Дискуссия вышла интересная; драматургия ее определилась, с одной стороны, нетерпеливой эйфорией людей с Запада, жаждавших поскорее принять нас в объятья цивилизованного человечества, и, с другой стороны, горькой трезвостью людей с Востока, предостерегавших от чрезмерного оптимизма. Такую дискуссию тоже было бы интересно прокомментировать, но я хочу поделиться мыслями об англичанах, с чего и начал.

Поскольку заседания были спланированы и велись с секундной точностью (каждый из нас выступал трижды: как докладчик, как оппонент и как председатель очередного обсуждения), то посмотреть что-либо, кроме лондонской университетской башни, можно было только стариннейшим способом «прогуливания уроков». Что я и делал: глядя на секундную стрелку, сбегал с заседания, которое решался пропустить, и возвращался на заседание, которое пропустить не решался, добегая в эти секунды до тех или иных предельно достижимых объектов: до Трафальгарской площади… до Букингемского дворца… до парламента… до Тауэра…

Бег по улицам доставлял впечатления не менее важные, нежели взгляд на тот или иной архитектурный силуэт. Ну, хотя бы: в английской толпе ни с кем не сталкиваешься. Словно круг очерчен около человека, аура неприкосновенная… только шелестит вокруг: «sorry… sorry…» «виноват… простите…» Ну, впрочем, такое ощущение (потрясающее именно по контрасту с тем, как «прут» танками один в другого в нашей московской толпе), ощущение «ауры», — общее для западных городов вообще. Однако улавливаешь и что-то специфически лондонское.
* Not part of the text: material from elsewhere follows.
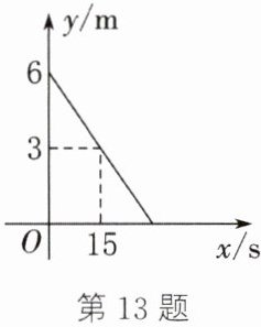 答案:13. (1)设y关于x的函数解析式为y = kx + b.由题意,得$\begin{cases}b = 6\\15k + b = 3\end{cases}$,解得$\begin{cases}k = -\frac{1}{5}\\b = 6\end{cases}$,

Нет, никакой пресловутой чопорности: такие же люди, как все — живые, эмоциональные, даже болтливые.

Но чувство меры поразительное. Мгновенно улавливают, если что-то не по тебе, — отступают.

Вообще тончайшее чувство партнера, чувство дистанции, чувство границы и позиции. Другой имеет право! Право на мнение, право на оппозицию, право на глупость. Иногда кажется: англичанину просто безразлично, что о нем думают другие, — он уважает право другого думать что угодно, но свой внутренний закон он знает сам.
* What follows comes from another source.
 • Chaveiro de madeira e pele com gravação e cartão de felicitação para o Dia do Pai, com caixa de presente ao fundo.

В сущности, эта философия — философия личности — лежит в фундаменте всей западной культуры. У американцев, скажем, она окрашивается в задорные, юношеские, подчас мальчишеские тона. Здесь, у англичан, она ощущается в каком-то другом, архаичном, серьезном варианте. Автономия личности, ответственность индивида, мораль джентльмена. Это не «завоевание» — это основа. Это похоже на инстинкт. Это не обсуждается.

А если обсуждается, то приезжими. Русскими.

Александр Пятигорский говорил нам в своей профессорской комнатушке голосом прирожденного лектора:

— Будьте уверены, что, говоря с вами, англичанин всегда видит, кто вы такой и чего стоите. Хотя и не показывает этого. Если вы иностранец, то вы можете вести себя как угодно: с вас другой спрос. Но если вы англичанин… Англичанин уверен, что он «лучше всех». И именно потому он считает, что он должен вести себя ХО-РО-ШО.

И опять на раскаленную плиту моей души падали слова Пятигорского. Интересно: а есть ли народы, которые не питали бы надежд, что они лучше всех? А — «хуже всех», но лишь бы — на виду у всех? А вести себя… да хоть бы и плохо, но непременно — «на весь мир»…

Англичанину все равно, что о нем подумает «весь мир». Он сам — «весь мир». Он ведет себя хо-ро-шо, и точка.

Безумство болельщиков на стадионе Уэмбли — коррелят этой базисной черты «островитян»: там, на континенте, — как угодно, а тут, на «острове», как хотим МЫ.

Последний штрих. Башня Лондонского университета (Сенат-хаус), огромная, тупая, давящая, из-под пяты которой я выбегал «смотреть Лондон», оказалась достопримечательностью почище Гайд-парка.

— Она вам ничего не напоминает? — улыбались хозяева. — А вы присмотритесь. Здесь в войну размещалась служба радио, и здесь работал Оруэлл. Эта башня — прообраз антиутопии «1984».

С этого момента я уже не мог отвести от нее глаз: в центре Лондона, в центре «острова» — Столп Тоталитаризма, овеваемый облаками английского юмора.